Same in German. "Willst du mit in die Stadt?" "Das Kind soll in die Schule." "Ich muss mit dem Auto in die Werkstatt." "Er darf mit." :-)


Is this a verb form we haven't been shown? Does it have any relation to anything we would be expected to learn in this or any other unit?


I tried "Do you want to go with me to the mall?" and it did not accept it. It said that I needed to say "us" instead of "me". If a native speaker could weigh in, that would be appreciated :)


Your answer is perfect and should be accepted.


I think we could do with a new tooltip over "Vil du med i" to explain this.


Can we get some help on this one?


I think it's just an expression, which indicates that the person asking the question wants to go together with the one who he is being asked.


Possibly. In Swedish we would say "Kommer du med till centret" - the strange thing in the Danish phrase is the use of 'vil', usually a "modal help verb" (is that the expression in English?), that usually only 'helps' other verbs, 'needs' another verb ("Vill du komma med?" = Do you want to come?) -- If this Danish sentence is correct - it is certainly something 'very Danish, idiomatic'.
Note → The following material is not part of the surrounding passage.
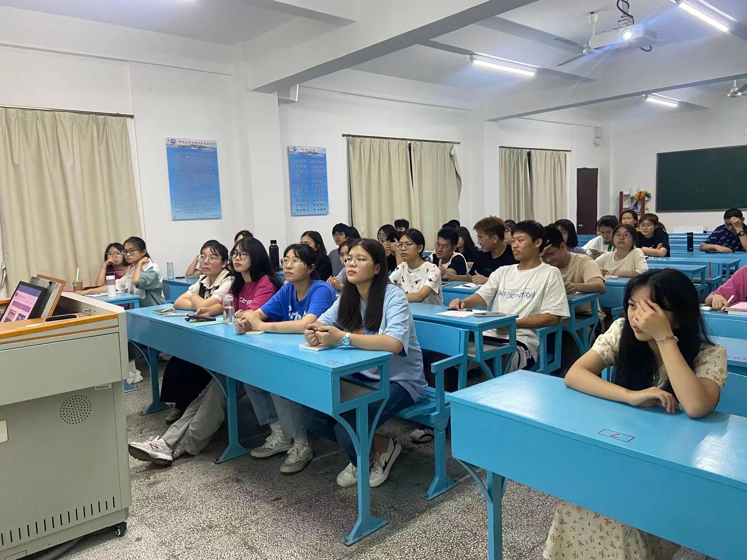认真听讲 本次活动开始,由全体党员分组进行,对2022级各班新生进行入党启蒙教育,党员同志们通过ppt的分享,从入党条件、入党要求及入党流程等方面进行讲述,解答了新生们对入党的疑惑,端正了新生们的入党动机,引导大家积极向党组织靠拢,敢于担当,勇于奉献,争做时代好青年!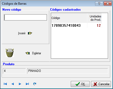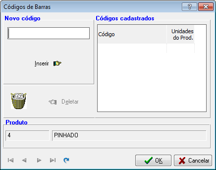 Nesta interface pode-se incluir ou excluir um código de barras de um produto.

I've heard a similar construction (without the 'to go') in Scotland.

My friend to her dog, who's scratching at the door: 'do you want out?'

Five minutes later, when the dog is scratching on the other side: 'do you want in?'


We have the same in Swedish, 'Vill du in?" Here 'in' is expressing the direction, where we are going 'in or out'. What is strange with the above Danish sentence is the use of "i", which does not work in Swedish, because the verb 'going' needs a direction, and the preposition "i" is about where you 'are', 'being', when not moving. -- And English too, I imagine, since "going to" has 'to' as a preposition of direction.


Perfectly normal in German, too. "Willst du mit?" "Willst du herein?" "Willst du hinaus?". With other prepositions as well: "Willst du durch?" (durch=through) "Willst du dahin?" (dahin=there (direction, movement)) "Willst du hoch?" (hoch=up (in this context)) etc. etc.


In German: kommst du mit? - are you coming with me?


"Do you want to go to the mall": this is wrong. The Danish says med, meaning with (me); it is not asking whether you want to go on your own. Given this, in British English we would use the verb 'come' rather than 'go': " "Do you want to come with me to the shopping centre?"


Perplexed. But then I realized that we can also speak Russian in such an ommit form. 'Ты со мной в центр?'


So, considering that ''centeret'' means both the mall and the centre and if I need to ask ''Do you want to go to the mall in the centre?'' is it possible to form the question as ''Vil du med i centeret i centeret?'' by any chance?


If you want to "centre" to mean "the centre point of something specific" like "city centre" you can say "centrum" (and maybe add something to specify what kind of centre you mean.). Or you can rewrite it a bit to say "... i midten af byen." (in the middle of the town/city)

"Vil du med i centeret i centrum (af byen)."